What is Big Data, Part 1
- Transfer
Big data is Big News, Big Importance and Big Business, but what is it really? What is big data? For those who live by them, everything is obvious, but I'm just a dumbass to ask such questions. But those who live by them consider most people stupid, right? Therefore, in the beginning I want to talk with those readers who, like me, are not in the subject. What is this all about? This week I plan to thoroughly investigate this issue, and most likely to publish three long articles ( translator's note: translations of the next two parts will be published in the coming days ).

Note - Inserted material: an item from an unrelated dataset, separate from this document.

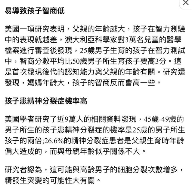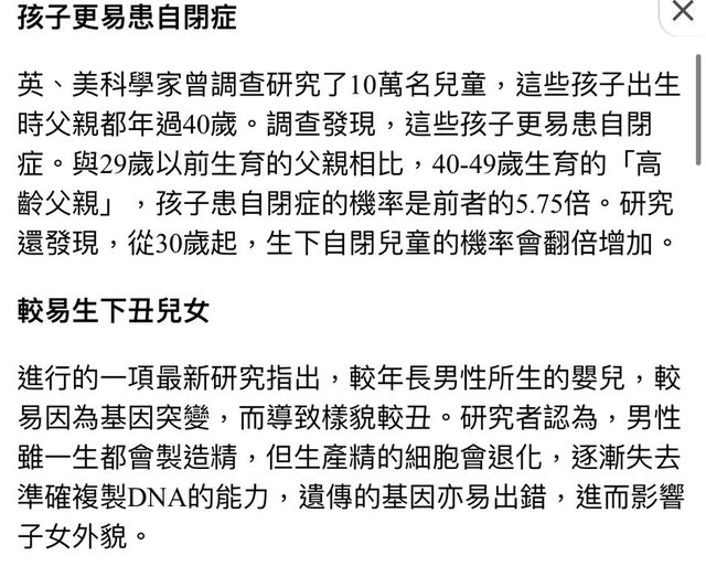 mosquiton : 40歲以上父親容易造成的孩子遺傳問題 高齡母親反而 11/16 11:16
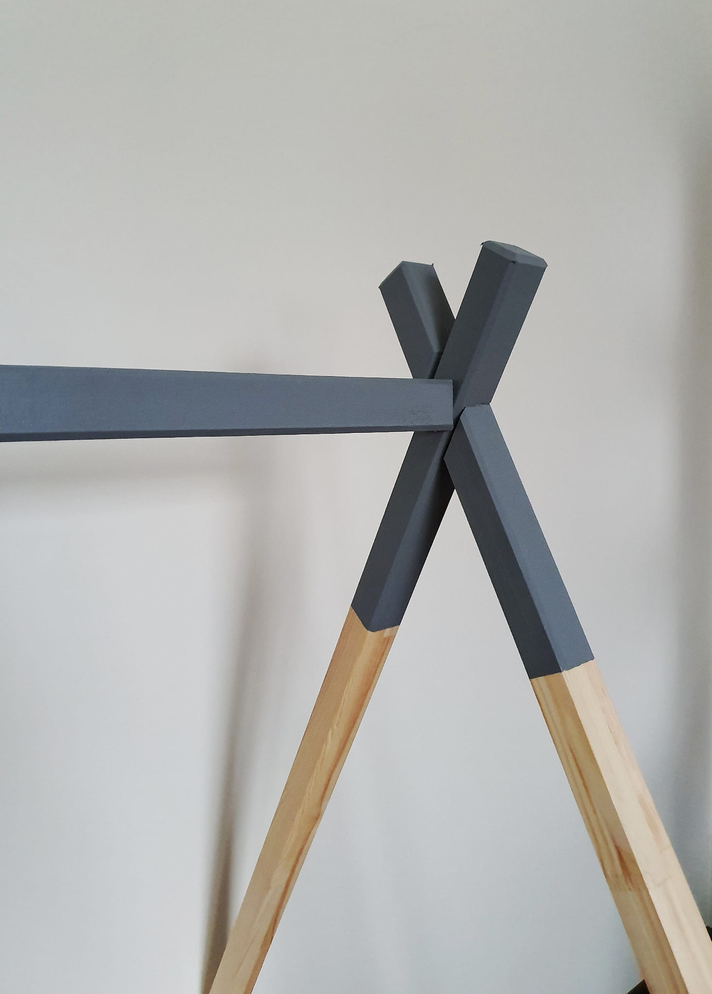 Łóżko w kształcie tipi z szufladkami w kolorze naturalnego drewna z popielatym dekorem

My PBS program “Triumph of the Nerds” is the story of a personal computer and the rise of its popularity from 1975 to 1995. “Nerds 2.01: A Brief History of the Internet” (“Nerds 2.01: A Brief History of the Internet ”) Is the story of the rise of its popularity from 1966 to 1998. But each issue was actually about the influence of Moore’s law on technology and society. Personal computers became possible only when the cost of microprocessors fell to the amount accessible to an ordinary person. This was not possible until the tipping point when the market was ready for explosive growth.
Commercial Internet, in turn, became possible only when the price of servers fell two more orders of magnitude by the mid-1990s, which made dial-up economically viable and led to the next critical point. If you think in the same terms, big data is what happened when the cost of computing fell another two orders of magnitude by 2005, leading to the very last critical point. We pretend that this happened earlier, in 1998, but this is not so (this is part of the story). 2005 marked the advent of mobile and cloud computing, and the beginning of the era of big data. In exactly the same way as it was shown in my two documentaries, we people are again on the threshold of a new era in almost complete misunderstanding: how we got here or what it all means.

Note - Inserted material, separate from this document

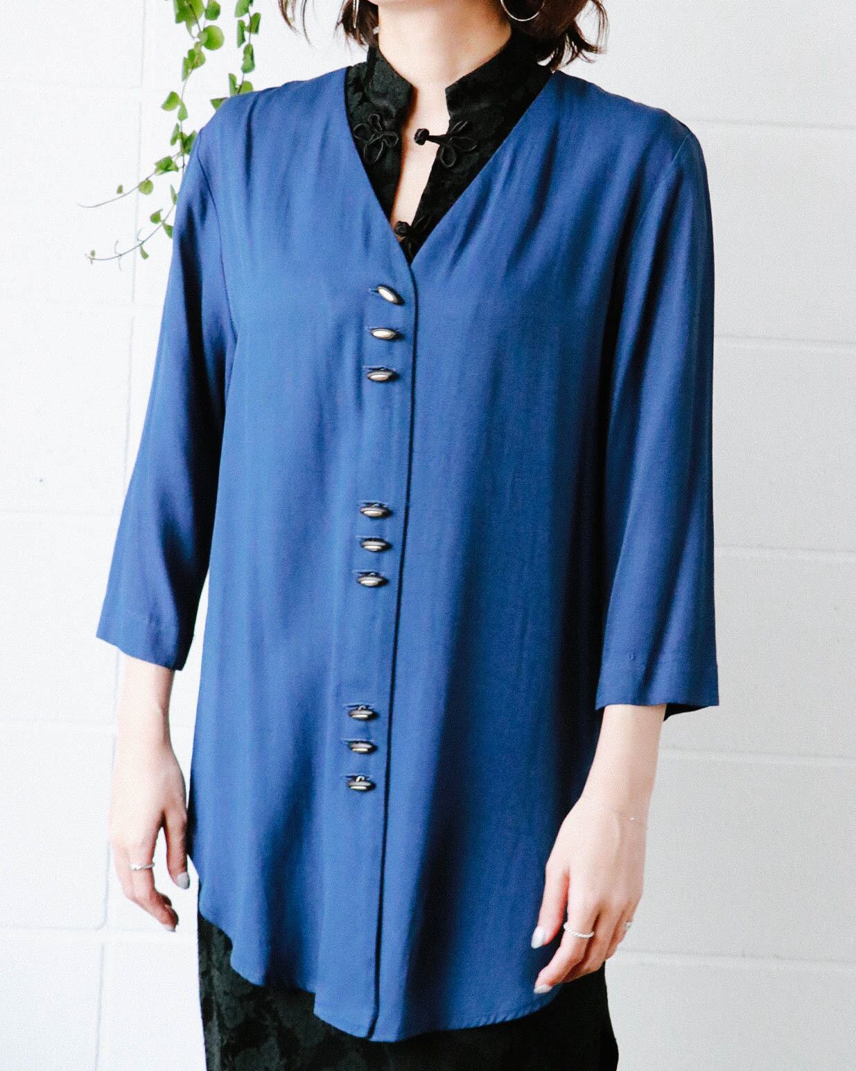 綺麗なインディゴブルーが目を惹くシャツブラウス。

Personal computers have changed America, the Internet has changed the world, but Big Data is transforming the world. They will rule the development of technology for the next hundred years.

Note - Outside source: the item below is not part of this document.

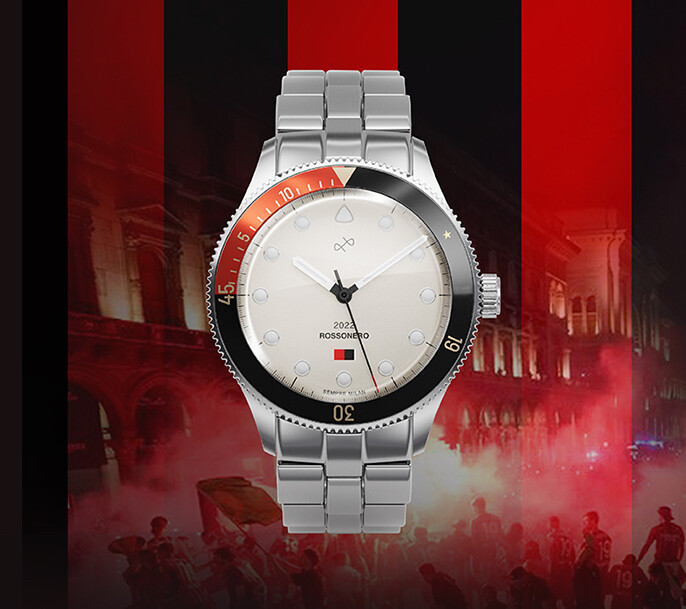 AC 밀란의 팬들을 위한 이 타임피스는 사파이어 크리스탈 글라스와 316L 고정밀 스테인리스 스틸 케이스 등 퀄리티 높은 원자재와 AC 밀란을 상징하는 다양한 디테일들이 시계에 적용되었다.
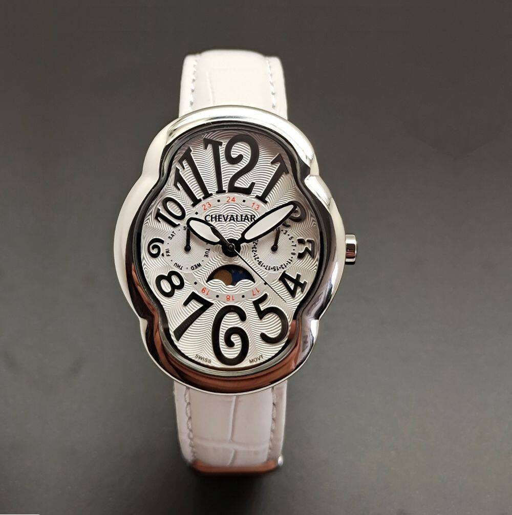 Stainless Steel Quartz Women Watch Genuine Leather Strip Multi-function Fashion Lady Watch

Wherever you are, computers monitor you and record data about your activities, noting, first of all, what you watch, read, look at or buy. If you go out onto the streets of almost any city, then video surveillance is added to this: where are you, what are you doing, who or what is nearby? Your messages are partially listened, and sometimes even recorded. Everything you do on the Internet, from commenting on tweets to just browsing, is never erased from history. This is partly due to national security. But the main goal of this technology is simply to make you buy more things, to make you a more effective consumer. The technology that allows the collection and analysis of data has been invented for the most part in Silicon Valley by a variety of technology startups.
Why are we in this position, and what will happen next? Technology, of course, will continue to expand horizons, but this time, instead of inventing the future and participating in progress, geeks will sail in the same boat with everyone else: new achievements like self-driving cars, universal translators and even computers developing other computers , will arise not with the help of the human mind, but with the help of the machines themselves. And the reason for all this is Big Data.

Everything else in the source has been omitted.